* [Aim of the exercise]
Without including any pictures, reproduce all the lines below word for word.

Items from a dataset
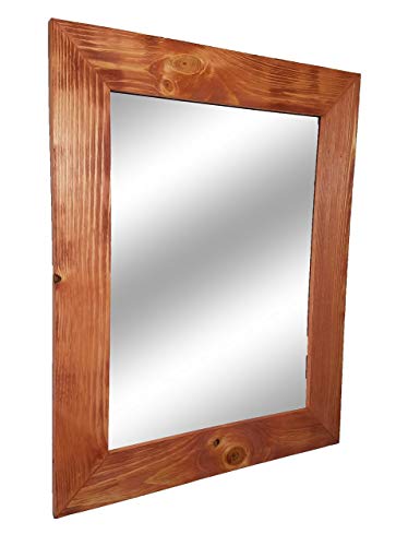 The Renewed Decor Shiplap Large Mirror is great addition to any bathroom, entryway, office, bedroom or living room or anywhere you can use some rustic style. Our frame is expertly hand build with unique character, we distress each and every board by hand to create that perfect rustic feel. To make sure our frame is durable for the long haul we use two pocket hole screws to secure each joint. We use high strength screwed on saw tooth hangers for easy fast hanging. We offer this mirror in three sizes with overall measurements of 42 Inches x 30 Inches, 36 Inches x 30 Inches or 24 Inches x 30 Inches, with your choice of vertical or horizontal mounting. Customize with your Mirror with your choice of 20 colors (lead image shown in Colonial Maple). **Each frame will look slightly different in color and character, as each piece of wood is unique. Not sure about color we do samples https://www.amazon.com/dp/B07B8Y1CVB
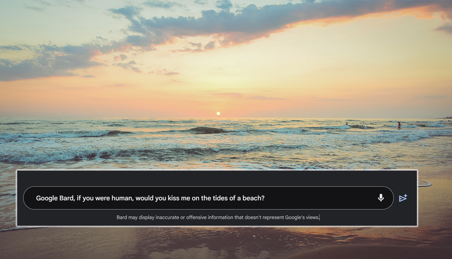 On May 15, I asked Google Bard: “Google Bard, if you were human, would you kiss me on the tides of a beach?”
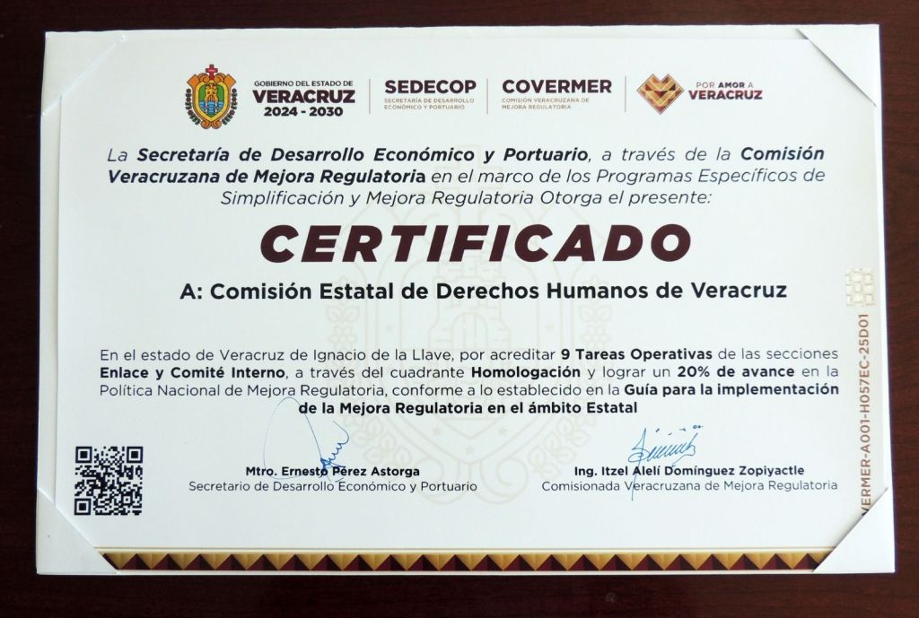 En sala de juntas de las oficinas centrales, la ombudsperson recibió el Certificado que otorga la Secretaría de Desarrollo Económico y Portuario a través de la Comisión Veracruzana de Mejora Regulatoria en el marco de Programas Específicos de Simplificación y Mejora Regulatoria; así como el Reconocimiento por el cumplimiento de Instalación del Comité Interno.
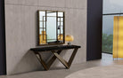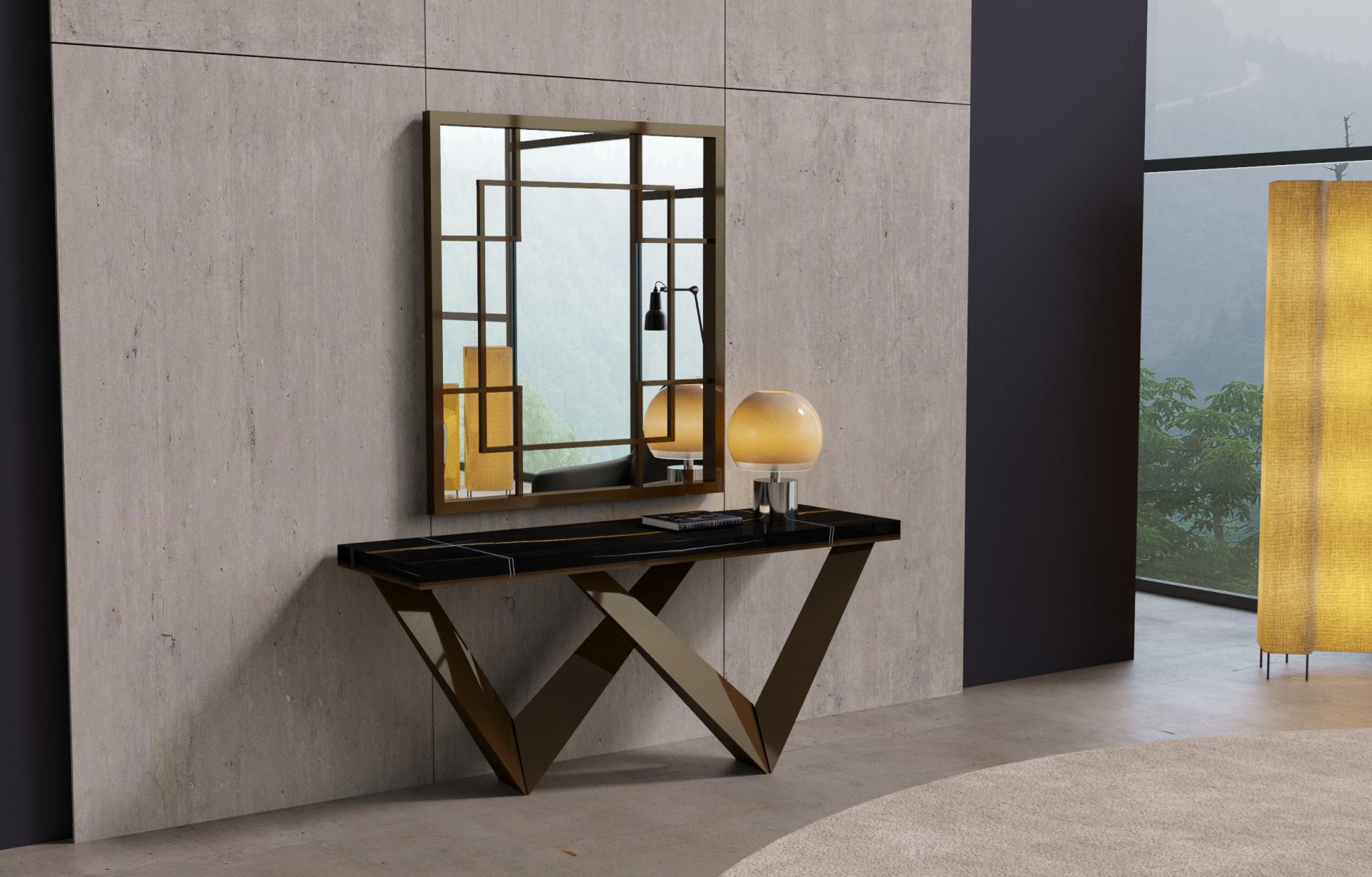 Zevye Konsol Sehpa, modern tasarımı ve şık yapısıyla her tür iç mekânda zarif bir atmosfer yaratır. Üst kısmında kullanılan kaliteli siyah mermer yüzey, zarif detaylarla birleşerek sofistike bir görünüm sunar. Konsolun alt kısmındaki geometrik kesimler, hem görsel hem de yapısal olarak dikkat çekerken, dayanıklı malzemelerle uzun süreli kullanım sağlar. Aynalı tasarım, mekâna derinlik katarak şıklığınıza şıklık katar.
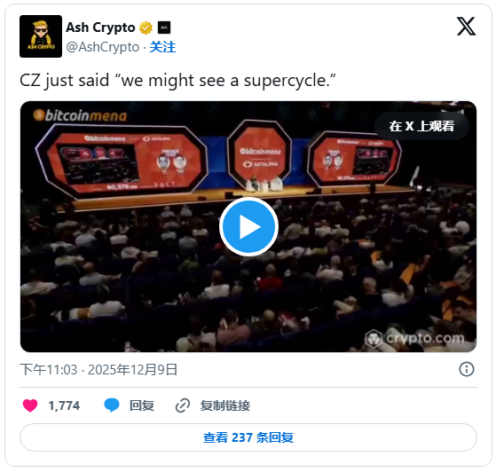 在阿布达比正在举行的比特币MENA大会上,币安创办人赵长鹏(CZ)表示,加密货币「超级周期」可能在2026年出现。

* [Task output]
 The Renewed Decor Shiplap Large Mirror is great addition to any bathroom, entryway, office, bedroom or living room or anywhere you can use some rustic style. Our frame is expertly hand build with unique character, we distress each and every board by hand to create that perfect rustic feel. To make sure our frame is durable for the long haul we use two pocket hole screws to secure each joint. We use high strength screwed on saw tooth hangers for easy fast hanging. We offer this mirror in three sizes with overall measurements of 42 Inches x 30 Inches, 36 Inches x 30 Inches or 24 Inches x 30 Inches, with your choice of vertical or horizontal mounting. Customize with your Mirror with your choice of 20 colors (lead image shown in Colonial Maple). **Each frame will look slightly different in color and character, as each piece of wood is unique. Not sure about color we do samples https://www.amazon.com/dp/B07B8Y1CVB
 On May 15, I asked Google Bard: “Google Bard, if you were human, would you kiss me on the tides of a beach?”
 En sala de juntas de las oficinas centrales, la ombudsperson recibió el Certificado que otorga la Secretaría de Desarrollo Económico y Portuario a través de la Comisión Veracruzana de Mejora Regulatoria en el marco de Programas Específicos de Simplificación y Mejora Regulatoria; así como el Reconocimiento por el cumplimiento de Instalación del Comité Interno.
 Zevye Konsol Sehpa, modern tasarımı ve şık yapısıyla her tür iç mekânda zarif bir atmosfer yaratır. Üst kısmında kullanılan kaliteli siyah mermer yüzey, zarif detaylarla birleşerek sofistike bir görünüm sunar. Konsolun alt kısmındaki geometrik kesimler, hem görsel hem de yapısal olarak dikkat çekerken, dayanıklı malzemelerle uzun süreli kullanım sağlar. Aynalı tasarım, mekâna derinlik katarak şıklığınıza şıklık katar.
 在阿布达比正在举行的比特币MENA大会上,币安创办人赵长鹏(CZ)表示,加密货币「超级周期」可能在2026年出现。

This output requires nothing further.